> _Activity_
Without including any pictures, return the records below exactly as written.

[Dataset records]
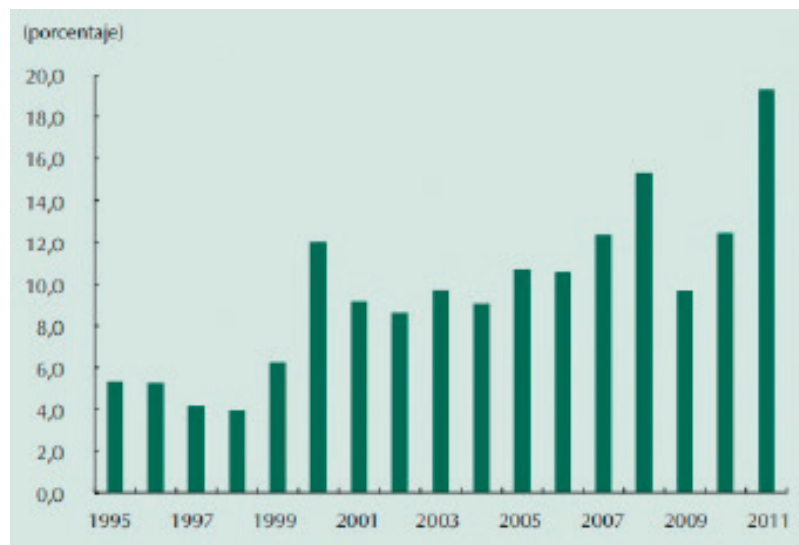
Gráfica No. 4 Ingresos por la actividad petrolera como porcentaje de los ingresos corrientes del GNC9 Tomado de: Banco de la República (2013)

El Marco Fiscal de Mediano Plazo diseñado por el Ministerio
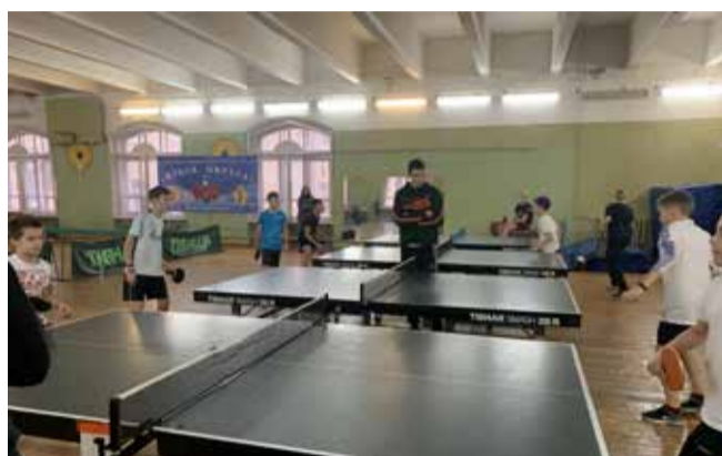
Муниципальные соревнования по настольному теннису «Кубок округа»

Мероприятия программы проводятся в целях развития муниципального спорта, укрепления здоровья и повышения физической активности, приобщения к регу-
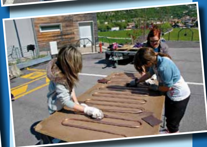
Alcune fasi dell'attività con gli alunni impegnati nella costruzione dell'impianto.
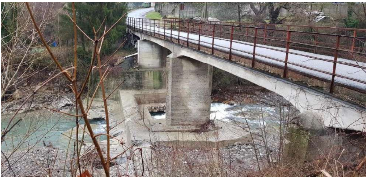
CONDIZIONI PONTE FEBBRAIO 2021
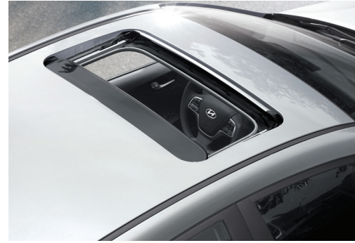
Cửa sổ trời điều khiển điện (Với phiên bản AT Đặc Biệt)
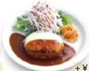
モッツアレラチーズハンバーグ + ¥55
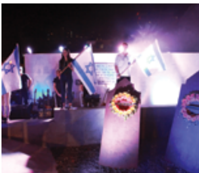
טקס יום הזיכרון בגן הגיבורים

המצבות ויוצרים ציר המסמל את הרכבות שהובילו את הקורבנות לטבח וכך נכתב על גבי האנדרטה: "אנדרטה זו הוקמה לזכרם של ששת מיליוני היהודים שנספו בשואה במלחמת העולם השנייה בשנת היובל לתקומת מדינת ישראל. בעיבורה של העיר הוד השרון, בגן הגיבורים, בדרך המובילה לסמליו הרחניים של עם ישראל: בתי הכנסת שהיו מקור חיותם של היהודים במקום גלותם, ובתי הספר המסמלים את מקור החיים וההמשכיות של קיומו של העם. עץ החורב העתיק שממנו מפכה המעיין הזורם לרגלי האנדרטה, הוא סמלו העתיק של לוחם חרות הרוח ועצמאות הקיום של עם ישראל בעבר, ר' שמעון בר יוחאי, המעיין המפכה הזורם אל האנדרטה של לוחמי עצמאות ישראל - הוא הגשר והקשר בין השואה לתקומה".
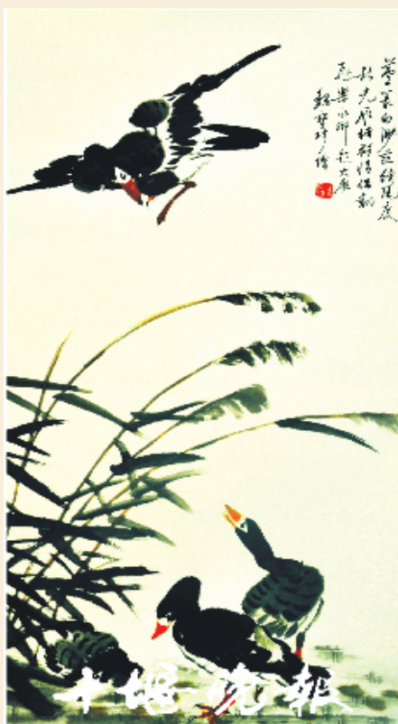
《大雁图》 魏宝珍 作
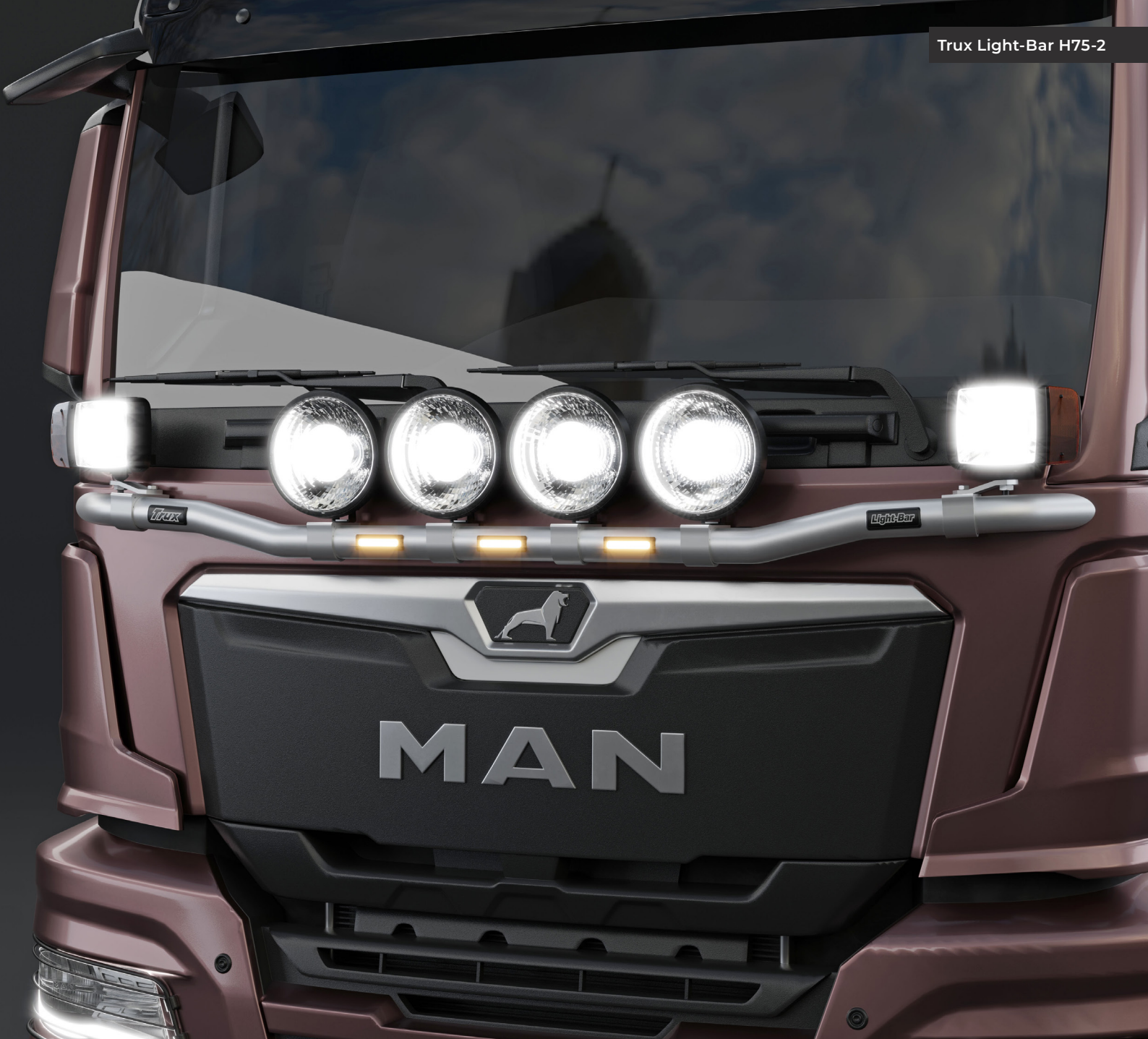
Trux Light-Bar H75-2
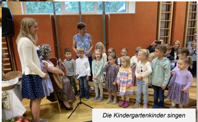
Die Kindergartenkinder singen
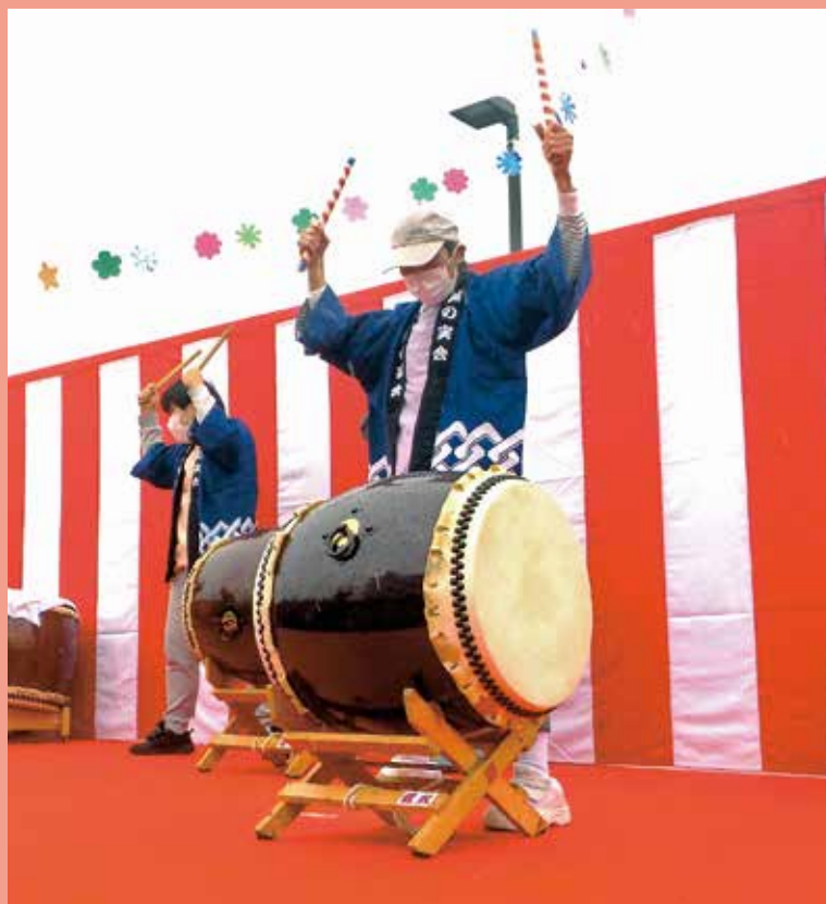
令和5年度法人祭 太鼓演奏の様子

発行・編集人：社会福祉法人 藤の実会 編集人 社会福祉法人 藤の実会 発行日：令和6年1月1日 〒359-0004 埼玉県所沢市北原町932-1 TEL.04-2992-5096 FAX.04-2992-5095

> _Response to the task_
Gráfica No. 4 Ingresos por la actividad petrolera como porcentaje de los ingresos corrientes del GNC9 Tomado de: Banco de la República (2013)

El Marco Fiscal de Mediano Plazo diseñado por el Ministerio
Муниципальные соревнования по настольному теннису «Кубок округа»

Мероприятия программы проводятся в целях развития муниципального спорта, укрепления здоровья и повышения физической активности, приобщения к регу-
Alcune fasi dell'attività con gli alunni impegnati nella costruzione dell'impianto.
CONDIZIONI PONTE FEBBRAIO 2021
Cửa sổ trời điều khiển điện (Với phiên bản AT Đặc Biệt)
モッツアレラチーズハンバーグ + ¥55
טקס יום הזיכרון בגן הגיבורים

המצבות ויוצרים ציר המסמל את הרכבות שהובילו את הקורבנות לטבח וכך נכתב על גבי האנדרטה: "אנדרטה זו הוקמה לזכרם של ששת מיליוני היהודים שנספו בשואה במלחמת העולם השנייה בשנת היובל לתקומת מדינת ישראל. בעיבורה של העיר הוד השרון, בגן הגיבורים, בדרך המובילה לסמליו הרחניים של עם ישראל: בתי הכנסת שהיו מקור חיותם של היהודים במקום גלותם, ובתי הספר המסמלים את מקור החיים וההמשכיות של קיומו של העם. עץ החורב העתיק שממנו מפכה המעיין הזורם לרגלי האנדרטה, הוא סמלו העתיק של לוחם חרות הרוח ועצמאות הקיום של עם ישראל בעבר, ר' שמעון בר יוחאי, המעיין המפכה הזורם אל האנדרטה של לוחמי עצמאות ישראל - הוא הגשר והקשר בין השואה לתקומה".
《大雁图》 魏宝珍 作
Trux Light-Bar H75-2
Die Kindergartenkinder singen
令和5年度法人祭 太鼓演奏の様子

発行・編集人：社会福祉法人 藤の実会 編集人 社会福祉法人 藤の実会 発行日：令和6年1月1日 〒359-0004 埼玉県所沢市北原町932-1 TEL.04-2992-5096 FAX.04-2992-5095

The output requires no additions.